WHAT THE TASK ASKS: Drop every image and restate the entries below word for word.

MATERIAL FOR THIS EXERCISE:
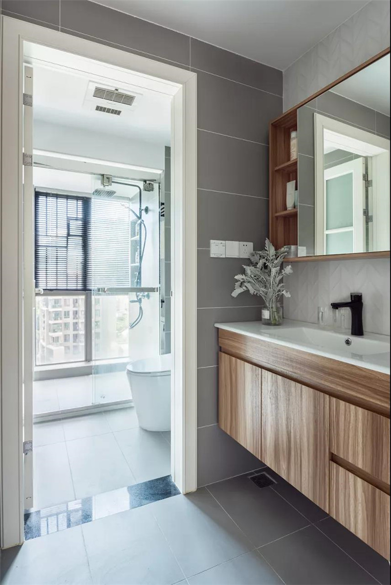 ▲卫生间把洗手盆外置过道区域,淋浴房旁边有着大面积的落地窗,装上百叶帘,白天这个空间会有这明亮的采光体验。
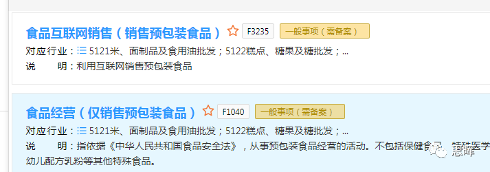 食品经营(仅销售预包装食品),或者食品互联网销售(销售预包装食品),如下图。
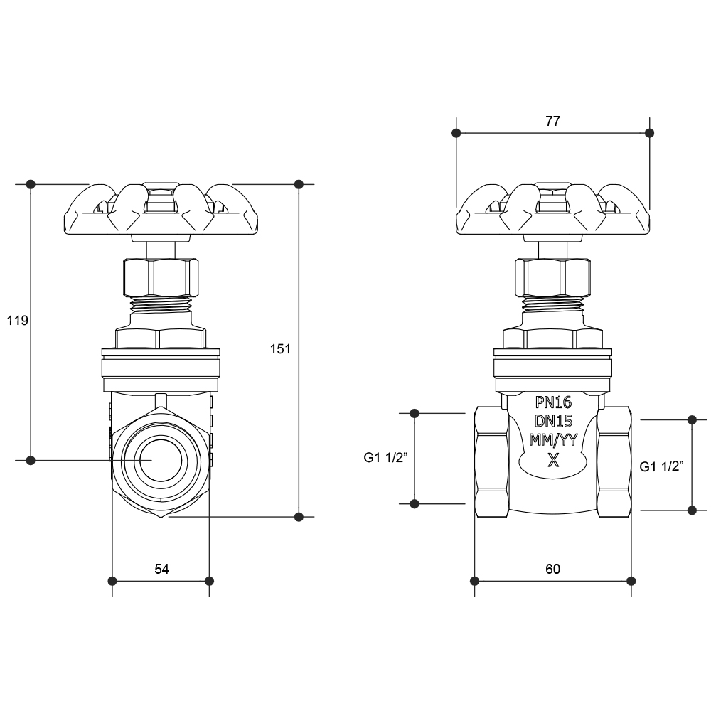 Gate Valve General Purpose Brass 40MM
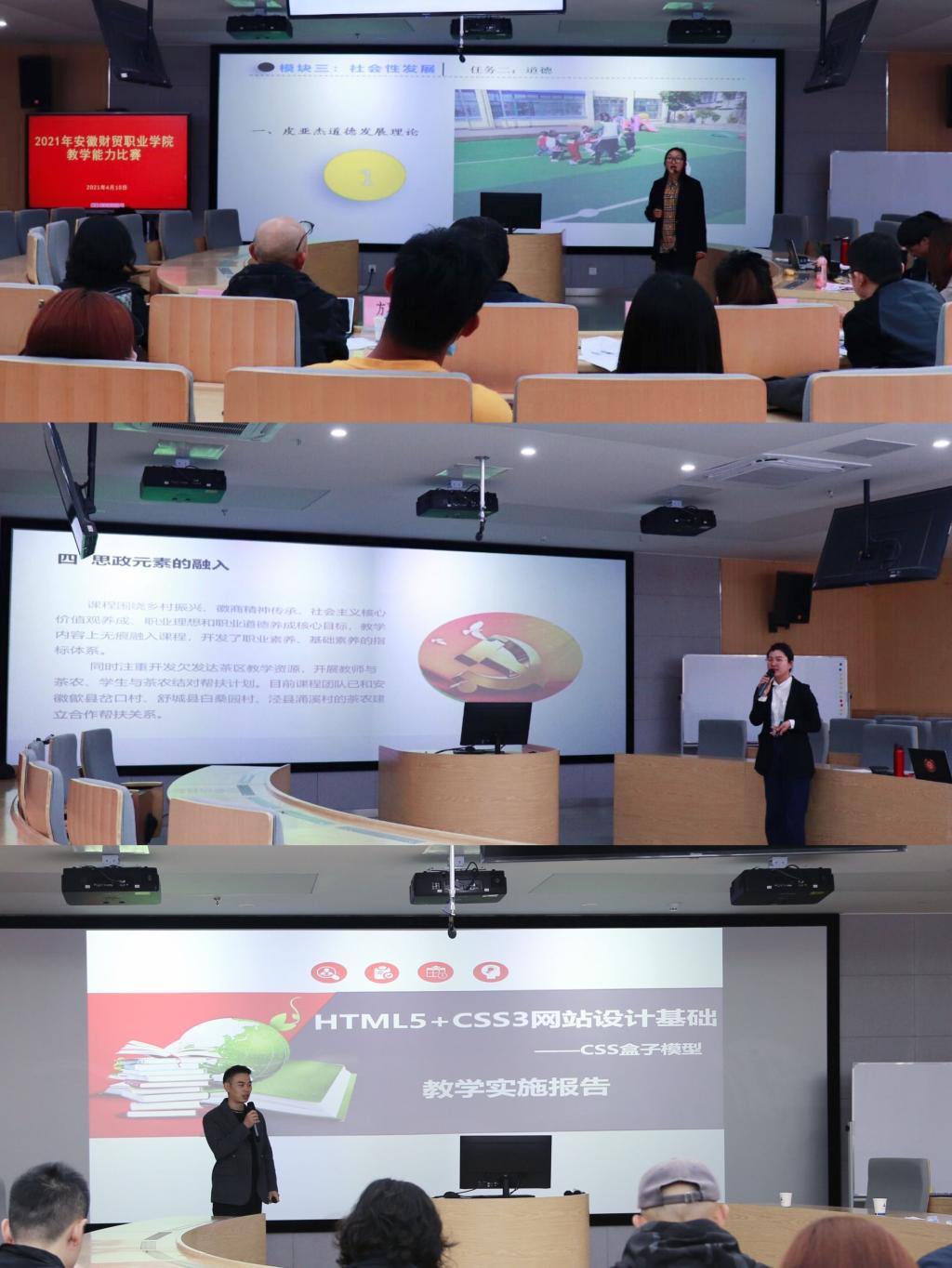 4月10—11日,安徽财贸职业学院教师教学能力比赛在新实训楼五楼的A502举办。经各二级院部推荐,本次比赛共54个参赛队121位教师参赛,其中“综合教学能力”赛项27个参赛队94位教师,“课程思政”赛项27个参赛队27位教师。本次比赛采取现场网络初评和现场决赛结合的形式,比赛现场紧张激烈、亮点纷呈,参赛老师着装典雅规范、精神饱满充沛、教态自然大方,参赛内容详实。
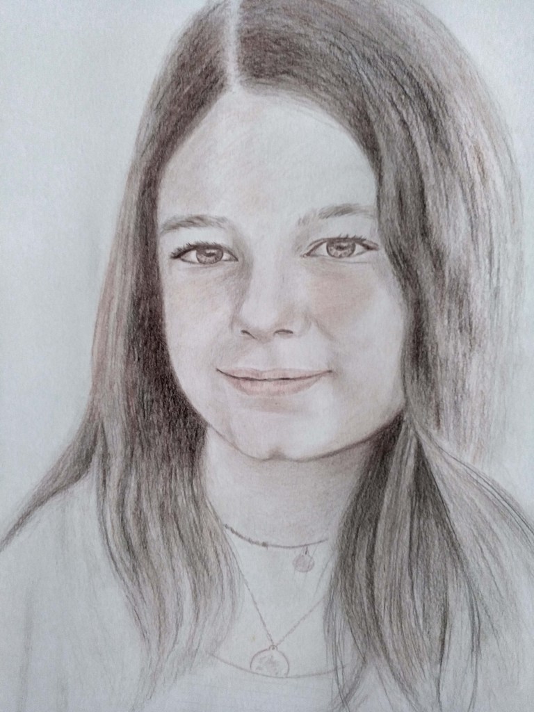 Este mes, solo publicaré un retrato hecho con lápices de «sanguina y sepia». Refleja a una joven de sonrisa casi tan enigmática como la de la famosa «Gioconda» . He tratado de captar la serenidad que transmite en la mirada y esa frescura propia de la edad, como queriendo mostrar quien es sin reservas. Ella es mi «Diosa» del mes de Julio.
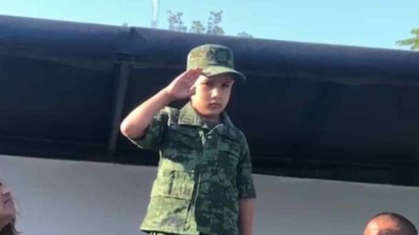 Unos cien militares entre mandos y tropa se le cuadraron al niño Oscar Carlos Campa Campos en la ceremonia “ Soldado por un Día”.
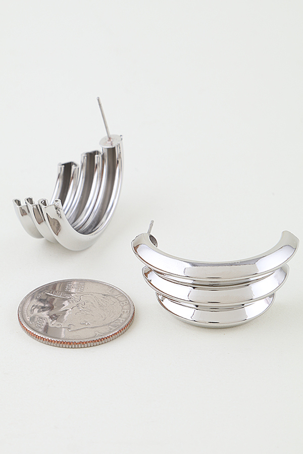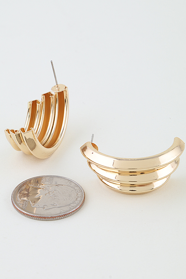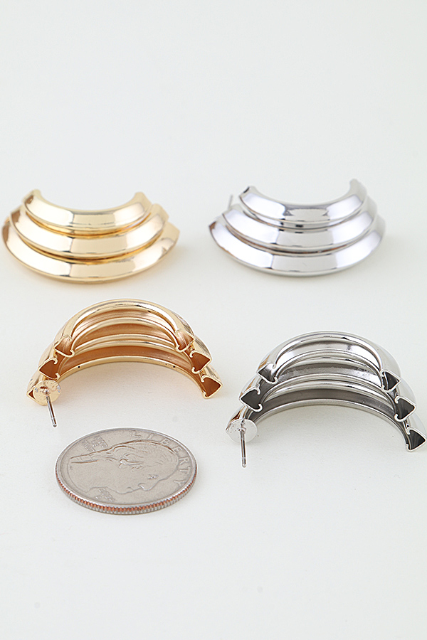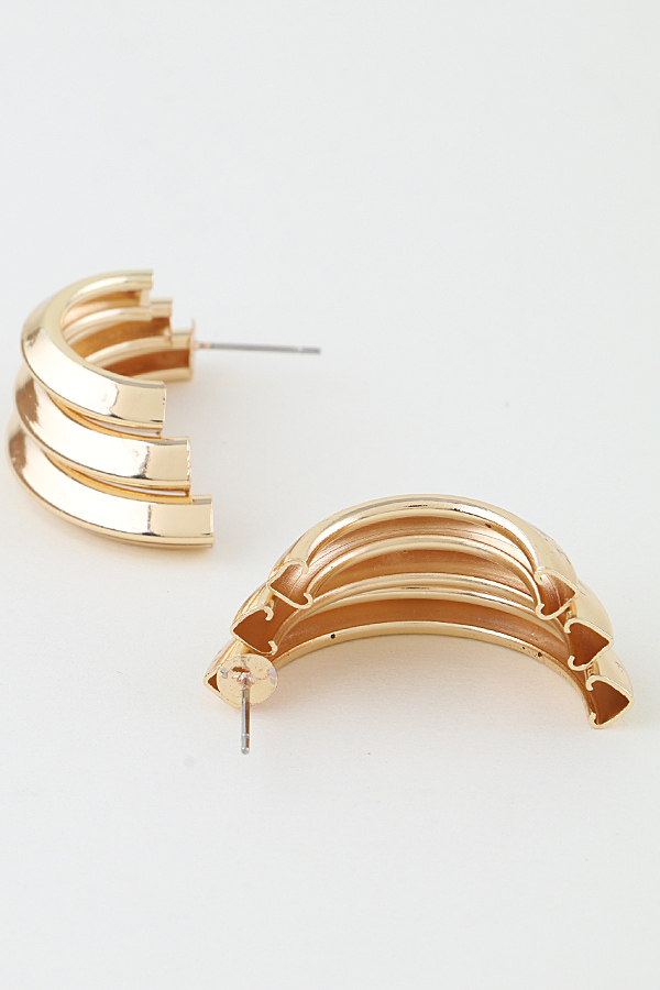 - * The Triple Heart Arch Hoop Earrings from H&D Accessories feature a bold layered design of polished curved arches that create a subtle heart-inspired silhouette, offering a modern, sculptural look. They pair seamlessly with a sleek blazer for a chic office ensemble or a cropped top for a night out, adding an edgy yet refined touch to both casual and dressy outfits.
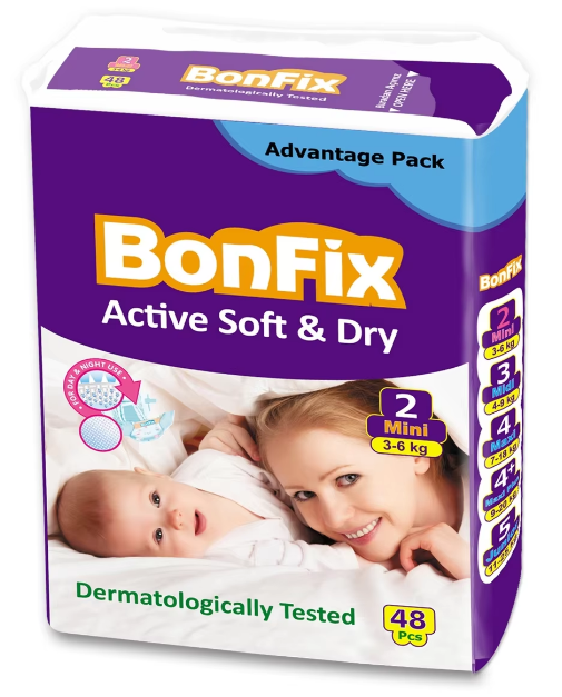 Bonfix Quality Baby Diaper Cloth 3-6kg 72Pcs/Pk
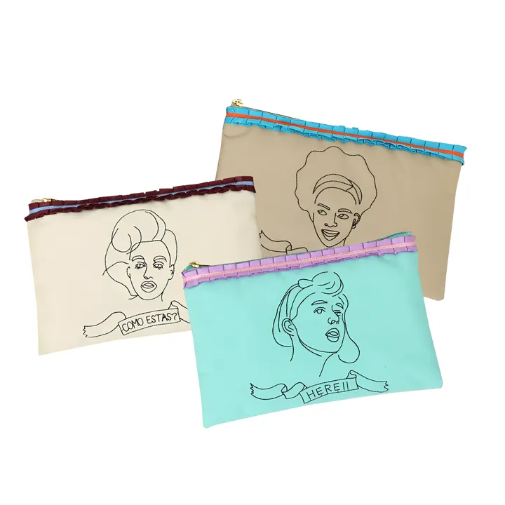 Bigポーチに比べ小ぶりなマルチポーチは化粧品を入れたり、アクセサリーやピルケースなど使い方は貴方次第。 Faceシリーズは、アメリカ(サックス)・ブラジル(ベージュ)・スペイン(アイボリー)とカラーごとに違った国の女性をイメージしたスパイスの効いた個性的なデザイン。 あなたのお気に入りの国や、パーソナリティに近いイメージの国の女性が描かれたデザインをライン使いする楽しさも!
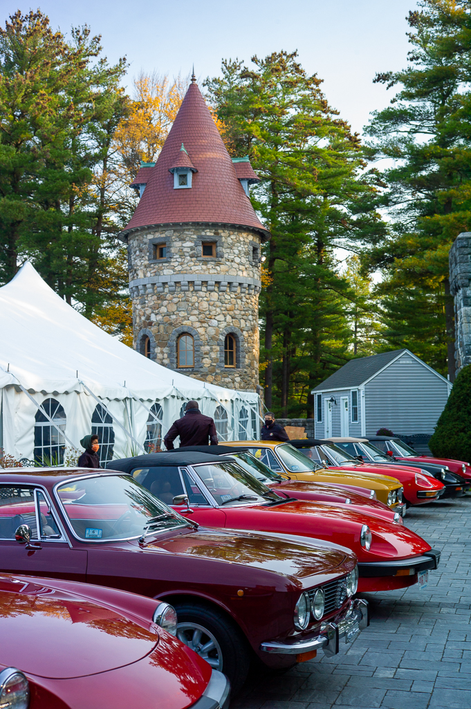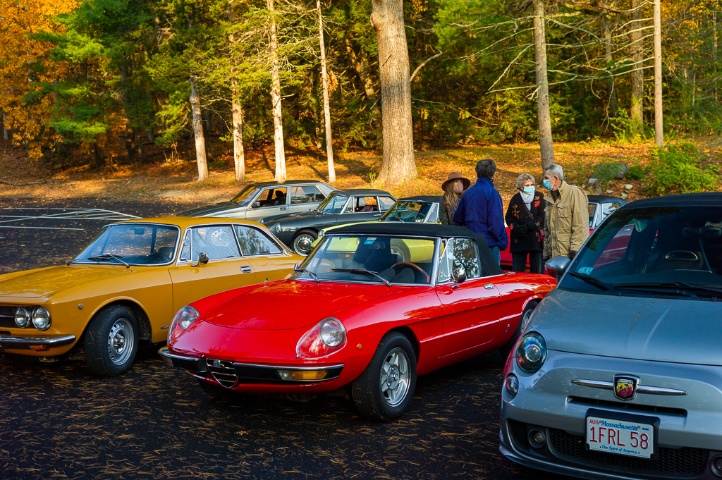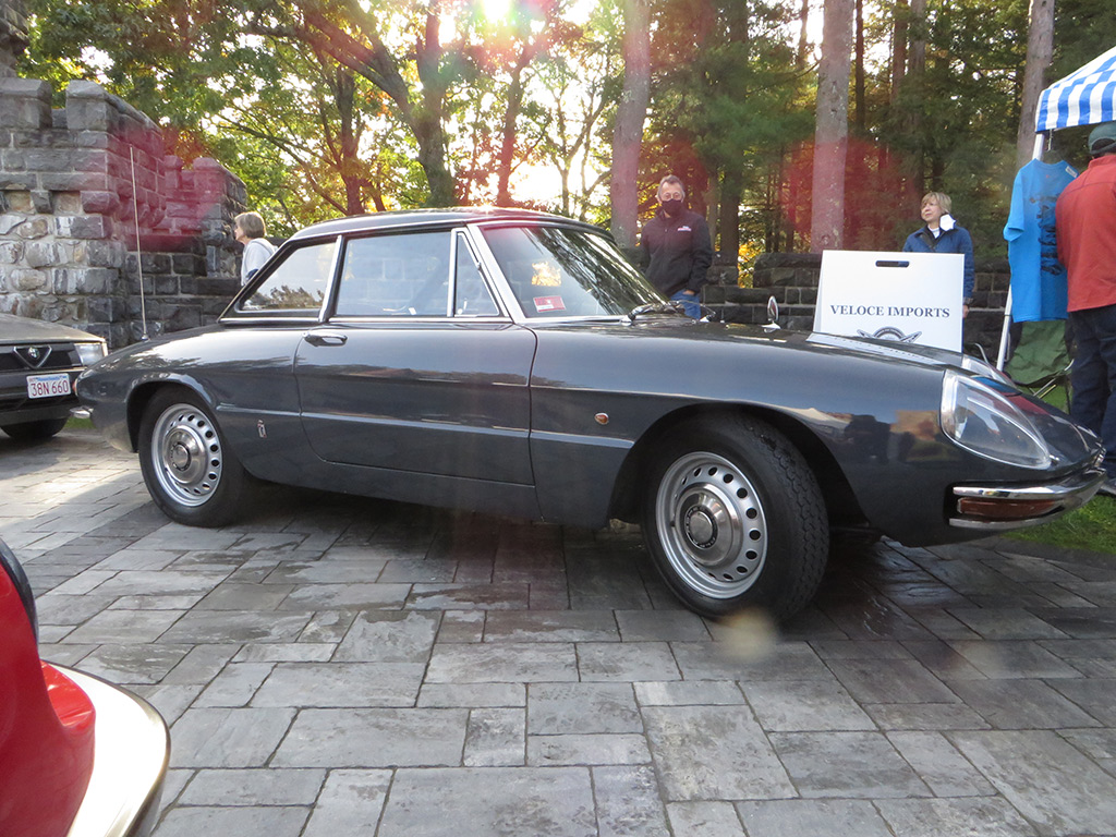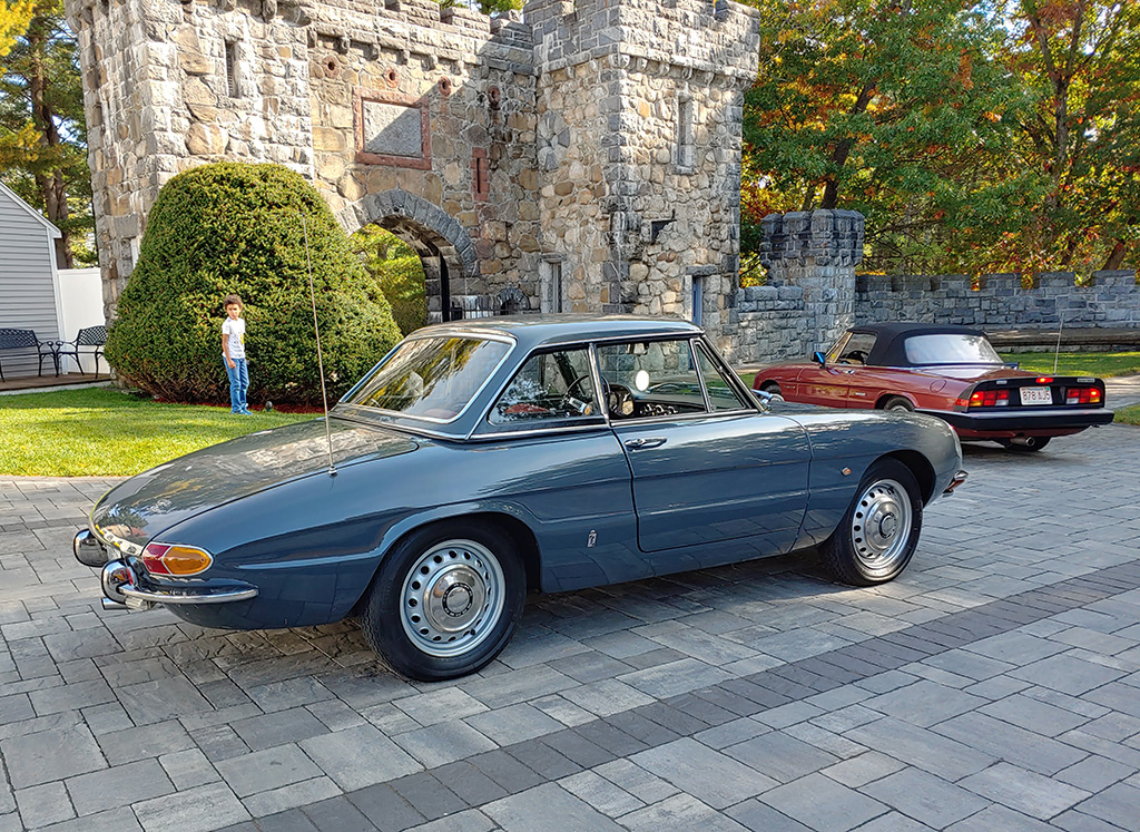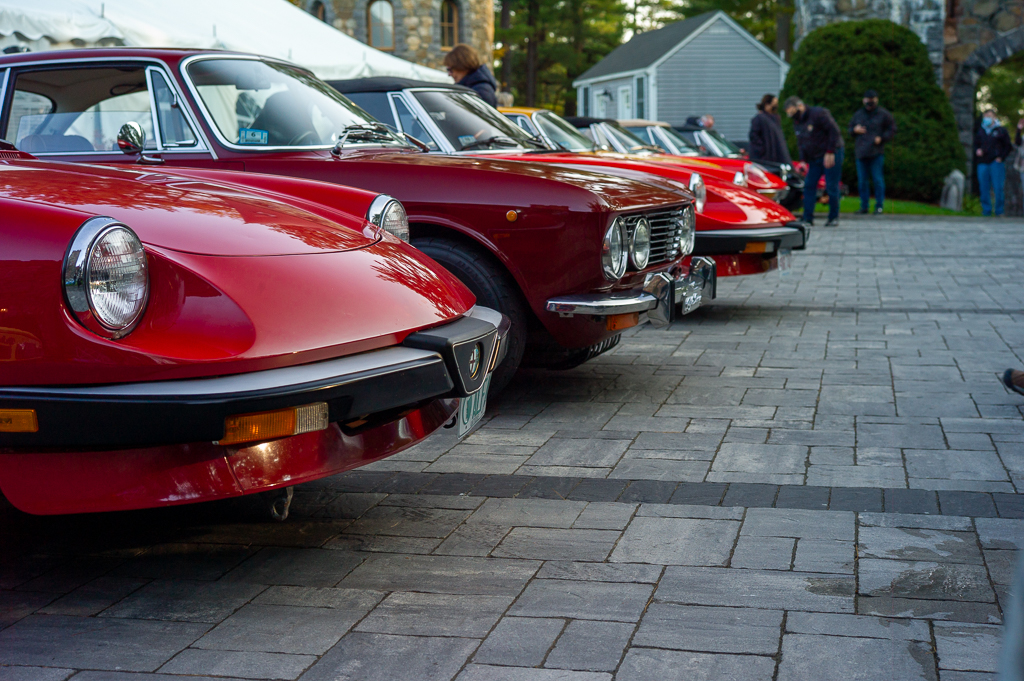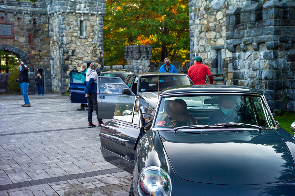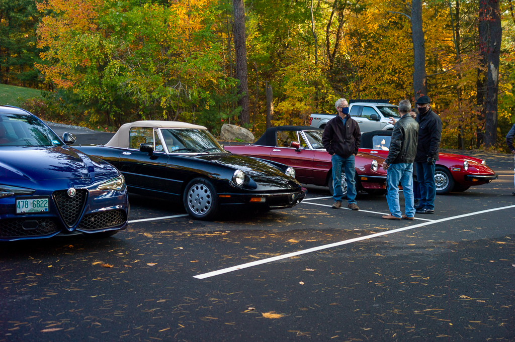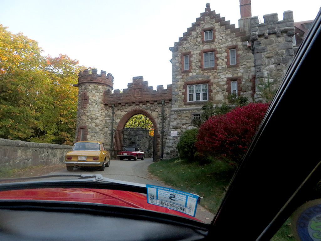 Sunday, October 18th, dawned bright, with cold, ethereal clouds of fog prowling the valleys. The lazy sun slowly emerged, warming the fresh autumn air as streams of light illuminated the fall foliage. Alfisti started gathering at the lower parking area of Searles Castle located in Windham, New Hampshire, at about 7:30 AM for an 8:00 AM event start. Unlike many of our driving events, this was a cars 'n' coffee style event, including a tour of the private castle that was created by interior designer Edward Searles back at the turn of the 20th century. Now owned by an angel investor from California, it is being lovingly refurbished and updated. Club member Karl Dubay's engineering firm has been involved in the project and he was able to pull together what turned out to be a fantastic AONE event. Even though this event came together at the last minute, we had fifteen cars lined up to follow a narrow, winding drive up the hill to the newly renovated courtyard of the castle. Although the castle is located only a couple of miles from the Interstate, we were all transported to a different, better time when the king was benevolent and Alfas ruled. What a place! (I should say palace.) Once the Alfas were carefully positioned in the courtyard, over thirty attendees enjoyed each other's company while discussing all things Alfa. As we drifted into the castle (socially distanced and properly masked), we found a welcoming table of delicious sweets and piping hot coffee provided by event sponsors The Dubay Group, Inc. and Alfa specialists Veloce Imports of nearby Londonderry. After exploring the four stories of beautiful woodwork, antique wall coverings, and imposing fireplaces of the castle, we stepped back outside where we were greeted with warming temperatures and a courtyard inhabited by beautiful Italian machinery gleaming in primary colors against the imposing stone edifice of the castle. As Italian themed music played in the background, many photos were taken and many compliments exchanged. The event closed with a raffle of prizes provided by Veloce Imports that included a free oil service and a complete exterior detail (valued at $250)! The club extends thanks to Jo and his team for the generous prizes and support of the event. [And thanks go to new member Karl Dubay and AONE Director Greg Stidsen for pulling off this terrific event, especially on such short notice! Karl reports, "When all of the Alfas vacated, I did a drip check on the new courtyard stones and was very impressed: i only used one tissue for three small drops of fresh quality lubricant over the 18 vehicles. Nice job, owners!" — Ed.] Searles Castle Tour Attendees Matt Collins and Eileen Isison - '85 Graduate Representing Veloce Imports

EXERCISE RESPONSE:
 ▲卫生间把洗手盆外置过道区域,淋浴房旁边有着大面积的落地窗,装上百叶帘,白天这个空间会有这明亮的采光体验。
 食品经营(仅销售预包装食品),或者食品互联网销售(销售预包装食品),如下图。
 Gate Valve General Purpose Brass 40MM
 4月10—11日,安徽财贸职业学院教师教学能力比赛在新实训楼五楼的A502举办。经各二级院部推荐,本次比赛共54个参赛队121位教师参赛,其中“综合教学能力”赛项27个参赛队94位教师,“课程思政”赛项27个参赛队27位教师。本次比赛采取现场网络初评和现场决赛结合的形式,比赛现场紧张激烈、亮点纷呈,参赛老师着装典雅规范、精神饱满充沛、教态自然大方,参赛内容详实。
 Este mes, solo publicaré un retrato hecho con lápices de «sanguina y sepia». Refleja a una joven de sonrisa casi tan enigmática como la de la famosa «Gioconda» . He tratado de captar la serenidad que transmite en la mirada y esa frescura propia de la edad, como queriendo mostrar quien es sin reservas. Ella es mi «Diosa» del mes de Julio.
 Unos cien militares entre mandos y tropa se le cuadraron al niño Oscar Carlos Campa Campos en la ceremonia “ Soldado por un Día”.
 - * The Triple Heart Arch Hoop Earrings from H&D Accessories feature a bold layered design of polished curved arches that create a subtle heart-inspired silhouette, offering a modern, sculptural look. They pair seamlessly with a sleek blazer for a chic office ensemble or a cropped top for a night out, adding an edgy yet refined touch to both casual and dressy outfits.
 Bonfix Quality Baby Diaper Cloth 3-6kg 72Pcs/Pk
 Bigポーチに比べ小ぶりなマルチポーチは化粧品を入れたり、アクセサリーやピルケースなど使い方は貴方次第。 Faceシリーズは、アメリカ(サックス)・ブラジル(ベージュ)・スペイン(アイボリー)とカラーごとに違った国の女性をイメージしたスパイスの効いた個性的なデザイン。 あなたのお気に入りの国や、パーソナリティに近いイメージの国の女性が描かれたデザインをライン使いする楽しさも!
 Sunday, October 18th, dawned bright, with cold, ethereal clouds of fog prowling the valleys. The lazy sun slowly emerged, warming the fresh autumn air as streams of light illuminated the fall foliage. Alfisti started gathering at the lower parking area of Searles Castle located in Windham, New Hampshire, at about 7:30 AM for an 8:00 AM event start. Unlike many of our driving events, this was a cars 'n' coffee style event, including a tour of the private castle that was created by interior designer Edward Searles back at the turn of the 20th century. Now owned by an angel investor from California, it is being lovingly refurbished and updated. Club member Karl Dubay's engineering firm has been involved in the project and he was able to pull together what turned out to be a fantastic AONE event. Even though this event came together at the last minute, we had fifteen cars lined up to follow a narrow, winding drive up the hill to the newly renovated courtyard of the castle. Although the castle is located only a couple of miles from the Interstate, we were all transported to a different, better time when the king was benevolent and Alfas ruled. What a place! (I should say palace.) Once the Alfas were carefully positioned in the courtyard, over thirty attendees enjoyed each other's company while discussing all things Alfa. As we drifted into the castle (socially distanced and properly masked), we found a welcoming table of delicious sweets and piping hot coffee provided by event sponsors The Dubay Group, Inc. and Alfa specialists Veloce Imports of nearby Londonderry. After exploring the four stories of beautiful woodwork, antique wall coverings, and imposing fireplaces of the castle, we stepped back outside where we were greeted with warming temperatures and a courtyard inhabited by beautiful Italian machinery gleaming in primary colors against the imposing stone edifice of the castle. As Italian themed music played in the background, many photos were taken and many compliments exchanged. The event closed with a raffle of prizes provided by Veloce Imports that included a free oil service and a complete exterior detail (valued at $250)! The club extends thanks to Jo and his team for the generous prizes and support of the event. [And thanks go to new member Karl Dubay and AONE Director Greg Stidsen for pulling off this terrific event, especially on such short notice! Karl reports, "When all of the Alfas vacated, I did a drip check on the new courtyard stones and was very impressed: i only used one tissue for three small drops of fresh quality lubricant over the 18 vehicles. Nice job, owners!" — Ed.] Searles Castle Tour Attendees Matt Collins and Eileen Isison - '85 Graduate Representing Veloce Imports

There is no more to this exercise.